Some Justices rightly took issue with this patchwork approach. Tennessee claims that trans youth are uniquely and categorically unable to consent, even with their guardian’s permission. This would represent yet another carve-out where a stigmatized application of medicine is arbitrarily distinguished from typical consent practices. Justice Sotomayor pointedly critiqued Tennessee’s argument, asking why a boy with unwanted hair growth who “gets laughed at and picked on [because] his puberty is coming in too early” can access a hormonal treatment while someone assigned female at birth cannot access the same treatments because their breasts are developing and causing analogous distress.
Here, we stand to learn something from trans youth and society’s discomfort with recognizing their autonomy: that determining whether all youth can or cannot consent to a treatment is futile. Consent in health care requires an individual, case-by-case evaluation, which means that in some cases, one fourteen-year-old may be deemed able to consent to a treatment, while another fourteen-year-old may be deemed unable. Responsible providers assess each patient’s and their family’s understanding of the risks and benefits of an intervention, grasp of how it will affect different elements of the patient’s life, and strategies for support. Far from being specific to gender-affirming care, this standard applies to virtually all areas of medicine. This is why most Canadian provinces have no medical age of consent for treatment, but instead recognize that each young person’s capacity to consent to treatment must be assessed by their provider.

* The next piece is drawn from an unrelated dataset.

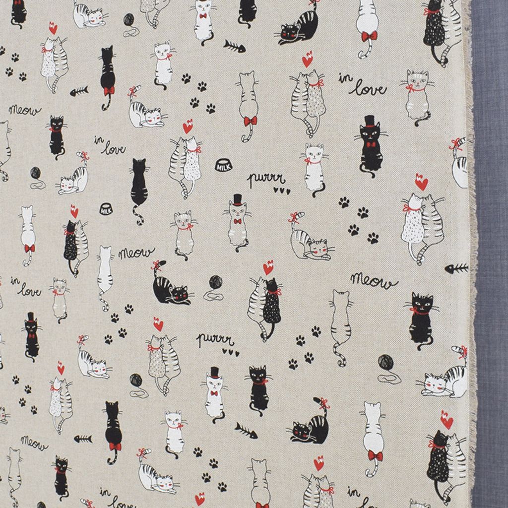 Tyg för gardiner och inredning med linnelock och motiv av katter

This is not to say that treatment is offered without scrutiny in these jurisdictions. It simply means that legislators recognize that health care providers—who are able to assess each patient, speak with their guardians, and consider their unique context—are better positioned to make individual decisions about a patient’s capacity than legislators who will never meet them.
Young people, when treated as active participants in their care, can be supported to understand all the risks and benefits of the treatment they seek and make informed decisions, often in collaboration with their guardians. But laws like SB1 cut off opportunities to actively involve young people and their guardians in these decisions, instead casting aside the responsible notion of case-by-case treatment and permitting state overreach.
The Justices’ squeamishness with line-drawing reflects that courts are not well-equipped to rule absolutely over matters of pediatric medicine—but neither is the Tennessee legislature. When laws like SB1 seek to impose a singular and inflexible line for when essential health care options should be forbidden from transgender youth, courts must respond rather than abdicate their duty to protect equal rights.
Instead of drawing arbitrary lines in pediatric health care, courts should pronounce that this line-drawing is outside the role of both the legislature and the judiciary. That responsibility rests with the collaborative team formed by a young trans person, their guardians, and their health care provider. The conservative Justices have an affinity for deferring regressive policy to states; in this case, they would risk the health and wellbeing of countless youth nationwide.